INPUT MATERIAL.
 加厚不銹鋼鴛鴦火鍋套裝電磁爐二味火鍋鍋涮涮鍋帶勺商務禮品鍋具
--
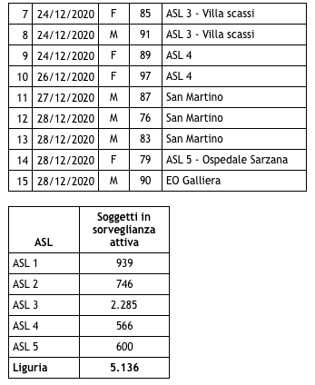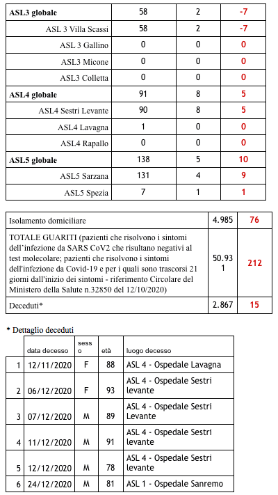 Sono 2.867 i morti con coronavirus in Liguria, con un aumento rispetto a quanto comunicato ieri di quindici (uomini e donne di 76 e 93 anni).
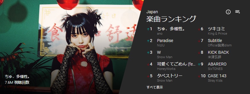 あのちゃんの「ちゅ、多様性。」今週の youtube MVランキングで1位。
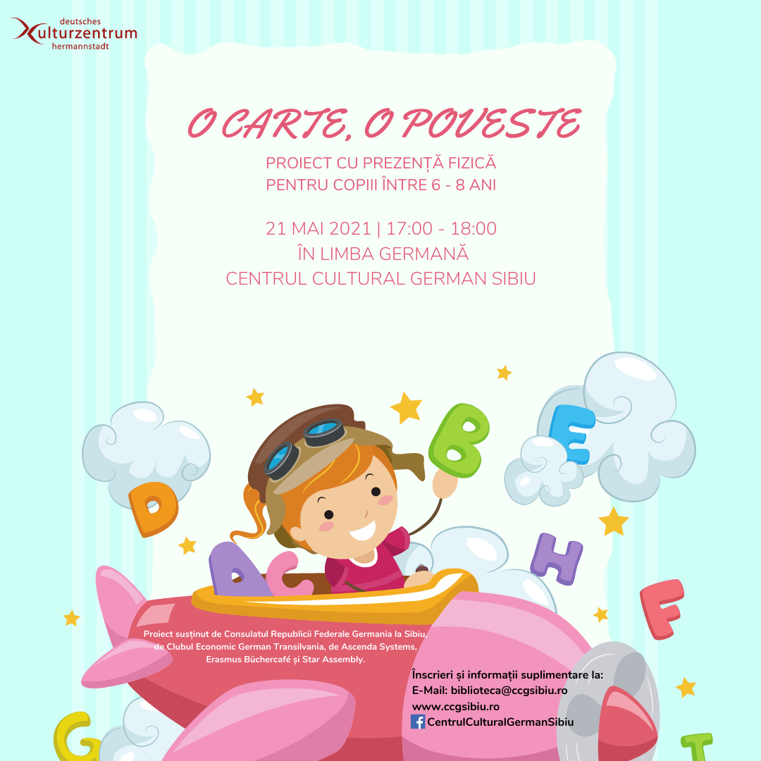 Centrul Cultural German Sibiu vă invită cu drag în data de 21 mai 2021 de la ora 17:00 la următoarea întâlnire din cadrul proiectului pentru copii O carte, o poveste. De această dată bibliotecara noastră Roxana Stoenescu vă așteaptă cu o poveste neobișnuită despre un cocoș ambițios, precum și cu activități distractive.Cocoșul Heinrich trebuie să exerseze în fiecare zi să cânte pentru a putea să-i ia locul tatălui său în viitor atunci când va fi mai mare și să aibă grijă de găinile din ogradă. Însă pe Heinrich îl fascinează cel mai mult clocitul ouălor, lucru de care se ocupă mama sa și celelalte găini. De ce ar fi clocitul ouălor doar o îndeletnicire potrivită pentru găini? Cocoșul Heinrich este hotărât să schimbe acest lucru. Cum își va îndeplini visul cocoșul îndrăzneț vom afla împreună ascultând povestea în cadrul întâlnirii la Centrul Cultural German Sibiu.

WHAT THE EXERCISE ASKS. Every line above from the one with "あのちゃんの「ちゅ、多様性。」今週の youtube MVランキングで1位。" down to the one with "Centrul Cultural German Sibiu vă" must be written out exactly, and no picture may appear.

EXERCISE SOLUTION.
 あのちゃんの「ちゅ、多様性。」今週の youtube MVランキングで1位。
 Centrul Cultural German Sibiu vă invită cu drag în data de 21 mai 2021 de la ora 17:00 la următoarea întâlnire din cadrul proiectului pentru copii O carte, o poveste. De această dată bibliotecara noastră Roxana Stoenescu vă așteaptă cu o poveste neobișnuită despre un cocoș ambițios, precum și cu activități distractive.Cocoșul Heinrich trebuie să exerseze în fiecare zi să cânte pentru a putea să-i ia locul tatălui său în viitor atunci când va fi mai mare și să aibă grijă de găinile din ogradă. Însă pe Heinrich îl fascinează cel mai mult clocitul ouălor, lucru de care se ocupă mama sa și celelalte găini. De ce ar fi clocitul ouălor doar o îndeletnicire potrivită pentru găini? Cocoșul Heinrich este hotărât să schimbe acest lucru. Cum își va îndeplini visul cocoșul îndrăzneț vom afla împreună ascultând povestea în cadrul întâlnirii la Centrul Cultural German Sibiu.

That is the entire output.